Being a creature of his time, when the Victorian period ended so did his marketability. By the end of his career, art such as Alma-Tadema’s was no longer appreciated as it had been before. New movements in art had begun and his imagery, which was thought of as “Victorians in togas,” fell out of favor. The last years of Alma-Tadema's life saw the rise of Post-Impressionism, Fauvism, Cubism and Futurism, of which he heartily disapproved. As his pupil John Collier wrote, 'it is impossible to reconcile the art of Alma-Tadema with that of Matisse, Gauguin and Picasso.[25]
Paintings which once would have sold for £10,000 a few years earlier were now practically impossible to sell at all. Some of his paintings could have been purchased for as little as £20 at that time. His artistic legacy almost vanished. As attitudes of the public in general and the artists in particular became more skeptical of the possibilities of human achievement, his paintings were increasingly denounced. He was declared "the worst painter of the 19th century" by John Ruskin, and one critic even remarked that his paintings were "about worthy enough to adorn bourbon boxes." After this brief period of being actively derided, he was consigned to relative obscurity for many years. Only in the last thirty years has Alma-Tadema’s work been reevaluated for its importance within the nineteenth century, and more specifically, within the evolution of English art.

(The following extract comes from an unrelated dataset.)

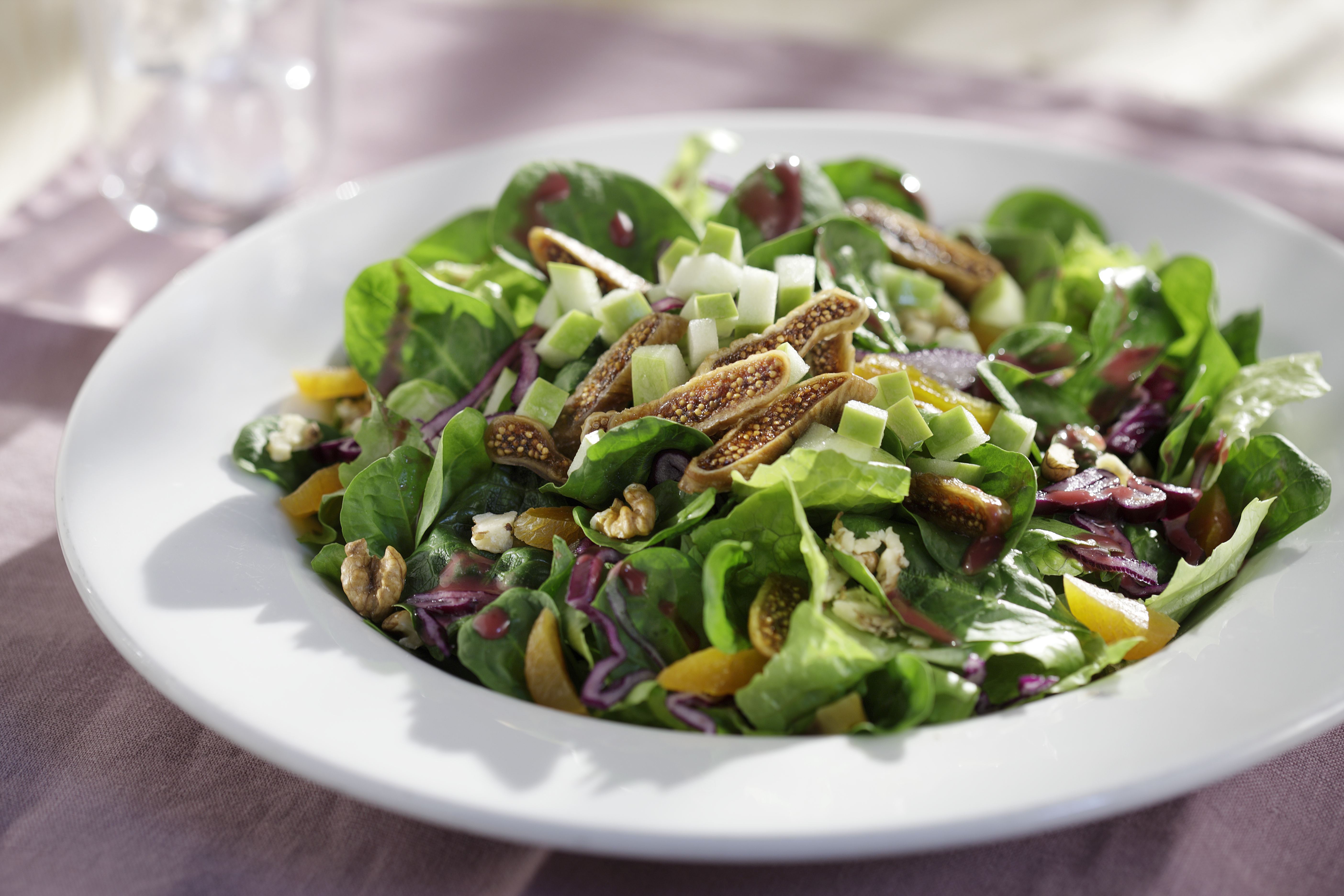 Τι περιέχει: Θρεπτική ανάμικτη σαλάτα με φύλλα μαρουλιού romaine, baby σπανάκι, καρύδια, αποξηραμένα βερύκοκα και σύκα και κόκκινο λάχανο. Ενισχύεται με σπιτικό dressing ροδιού με μέλι και αποξηραμένα cranberries και γαρνίρεται με κύβους φρέσκου πράσινου μήλου.

He is now regarded as one of the principal classical-subject painters of the nineteenth century whose works demonstrate the care and exactitude of an era mesmerized by trying to visualize the past, some of which was being recovered through archaeological research.

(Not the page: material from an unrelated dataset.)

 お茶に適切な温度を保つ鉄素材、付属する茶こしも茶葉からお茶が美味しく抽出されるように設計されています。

Alma-Tadema's meticulous archaeological research, including research into Roman architecture (which was so thorough that every building featured in his canvases could have been built using Roman tools and methods) led to his paintings being used as source material by Hollywood directors in their vision of the ancient world for films such as D. W. Griffith's Intolerance (1916), Ben Hur (1926), Cleopatra (1934), and most notably of all, Cecil B. DeMille's epic remake of The Ten Commandments (1956).[25] Indeed, Jesse Lasky Jr., the co-writer on The Ten Commandments, described how the director would customarily spread out prints of Alma-Tadema paintings to indicate to his set designers the look he wanted to achieve. The designers of the Oscar-winning Roman epic Gladiator used the paintings of Alma-Tadema as a central source of inspiration.[26] Alma-Tadema's paintings were also the inspiration for the design of the interior of Cair Paravel castle in the 2005 film The Chronicles of Narnia: The Lion, the Witch and the Wardrobe.[27]
In the late 1960s, the revival of interest in Victorian painting gained impetus, and a number of well-attended exhibitions were held.[28] Allen Funt, the creator and host of the American version of the television show Candid Camera, was a collector of Alma-Tadema paintings at a time when the artist's reputation in the 20th century was at its nadir.[29] After Funt was robbed by his accountant (who subsequently committed suicide), he was forced to sell his collection at Sotheby’s in London in November 1973.[30] From this sale, the interest in Alma-Tadema was re-awakened. In 1960, the Newman Gallery firstly tried to sell, then give away (without success) one of his most celebrated works ‘The Finding of Moses,’ (1904). The initial purchaser had paid £5250 for it on its completion, but when the same picture was auctioned at Christies in New York in May 1995, it sold for £1.75 million.